Keeping Your Breasts Firm and Healthy
You turn to the right and look at your breasts sideways in the mirror. You turn back to the front, lift your arms over your head and check again. Then you turn to the left and check one more time.
What are you looking for?
Two things: the sags and stretch marks that suggest you're beginning to age--and which you intend to fight with every trick in the book--and any lumps, bumps, dimples, discharge, droops, wrinkles or differences in size, shape or color that may signal the presence of cancer.
While none of us wants to see the signs of aging, what we fear most is breast cancer. And for good reason--it's the most common type of cancer that women get.
Most breast cancer is found by women themselves, not by the doctor or a mammogram. They notice that something doesn't look or feel right. Yet 80 percent of women say that they don't do breast self-examinations, or BSEs, on a regular basis. Some say they feel uncomfortable touching themselves and others simply can't face the possibility that breast cancer could happen to them.
These feelings reflect the fact that our breasts act as physical markers for our transitions from one stage of life to another: They emerge as we begin to menstruate, bloom as we begin an active sexual life, ripen into fullness as we prepare to give birth and eventually wither or sag.
Yet the very reasons that may make us reluctant to examine our breasts are also the most compelling reasons that we should.
Breast cancer is a major health threat to any woman who has passed her 30th birthday, says Sondra Lynne Carter, M.D., a gynecologist in private practice in New York City who treats patients with breast problems. And the threat escalates with every year.
Where you had a 1 in 21,441 chance of having breast cancer at age 25, by age 30 it's 1 in 2,426. By age 35 it's 1 in 622. By age 45 it's 1 in 96 and by age 80 it's 1 in 10.
Since the majority of breast cancer actually occurs after age 45, many women may tend to think of breast cancer and saggy breasts in the same way: "It's something to worry about when I'm old." That's wrong. Both may be most likely to occur after age 45, experts agree. But preventing both needs to start with good breast care in the decades before.
The Breast Self-Exam
Good breast care begins with learning when and how to do a breast self-exam.

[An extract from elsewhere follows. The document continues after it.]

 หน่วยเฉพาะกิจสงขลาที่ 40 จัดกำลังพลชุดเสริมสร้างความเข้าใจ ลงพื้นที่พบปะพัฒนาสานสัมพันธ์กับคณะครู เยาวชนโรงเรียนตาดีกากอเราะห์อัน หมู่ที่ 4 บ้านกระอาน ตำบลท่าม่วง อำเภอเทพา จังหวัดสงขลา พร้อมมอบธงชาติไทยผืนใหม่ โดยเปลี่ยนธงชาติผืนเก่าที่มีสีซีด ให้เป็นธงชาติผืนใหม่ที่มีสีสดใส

Doctors agree that a self-exam should be done the first week after your period every month. Your goal is twofold: one, to become so familiar with the normal ridges, lumps and bumps in your breasts that anything out of the ordinary will be very apparent and, two, to detect any lump (about a half-inch in size, for example) that suddenly appears, stays in the same place and remains for one or two cycles.
What's the best way to do a self-exam? Any way you feel comfortable, doctors say. Some women prefer to do it standing in the shower when their breasts are slippery with soap. Others prefer to do it standing in front of a mirror. Still others prefer to do it lying on their backs.

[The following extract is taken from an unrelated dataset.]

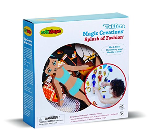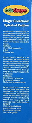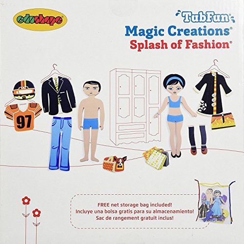New and improved edu-foam kits which stick to bathroom tiles and each other when wet for bath time fun. Long lasting edu-foam is highly resistant to mold and mildew. The pieces will not absorb warer or change shape. Combine kits for additional fun. Comes with surface water drain bag for easy clean up. Fashion set includes new outfits for the girl and boy dolls included. For ages 3 and up.

Here's how doctors suggest you make a breast exam as accurate as possible.
Stretch first. What's important is that before you start, stretch your arms over your head and look in the mirror to see if there are any obvious changes in your breasts. Look for something major: a dimpling you've never noticed before or a nipple that has suddenly inverted, developed eczema or has a discharge that isn't a result of being squeezed. Put your hands on your hips, push your shoulders back and look for changes again. Then push your shoulders forward, contracting your chest muscles. Any dimpling should be obvious in this position.

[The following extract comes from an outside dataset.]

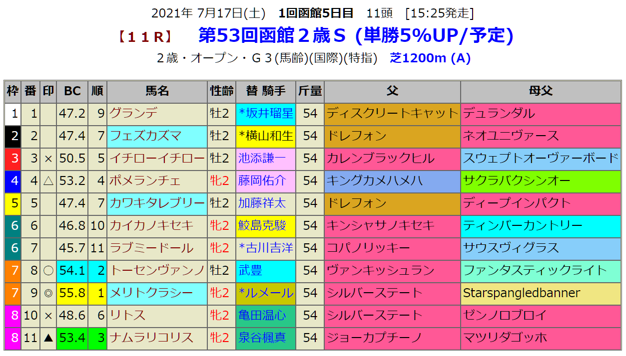 指数1位は新種牡馬シルバーステート産駒のメリトクラシーです。新馬戦では中京で指数1位で勝利していますが、函館に参戦です。このレースは前走函館組の勝利が多いのですが、鞍上にルメールという事で必勝態勢なのかもしれません。
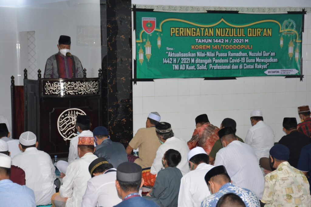 Watampone – Berandankrinews.com Kasrem 141/Toddopuli. Kolonel Inf Heri Purwanto S.E menghadiri kegiatan Peringatan Malam Nuzulul Qur’an dengan tema “Aktualisasikan Nilai-Nilai Puasa Ramadhan, Nuzulul Qur’an 1442 H/2021 M di tengah Pandemi Covid-19 Guna Mewujudkan TNI-AD Kuat, Solid, Profesional dan di Cintai Rakyat” Di Masjid Al-Istiqomah Korem 141/Tp Jl. Jendral Sudirman, Kab.Bone.

Choose a search strategy. There are several different ways to do the breast exam itself: You can use the nipple as a focal point and feel for lumps along imaginary lines radiating out from the nipple all the way up to the collarbone and down to the brassiere line; you can use the nipple as a center and keep circling it with your fingers in ever-larger circles; or you can simply imagine a grid placed over your breast and examine it in up-to-the-collarbone and down-to-the-bra-line strips.
Whichever method you choose, put the hand on the side you want to examine behind your head before you start. This shifts any breast tissue that's under your armpit over to the chest wall where you can check it thoroughly.
The Anti-Cancer Lifestyle
Good breast care also means adopting a lifestyle that reduces your risk of cancer. No one has figured out exactly why, but women who adopt lifestyle strategies that reduce the amount of estrogen circulating throughout their bodies may significantly reduce their risk of developing breast cancer. And that includes women who have a family history of the disease.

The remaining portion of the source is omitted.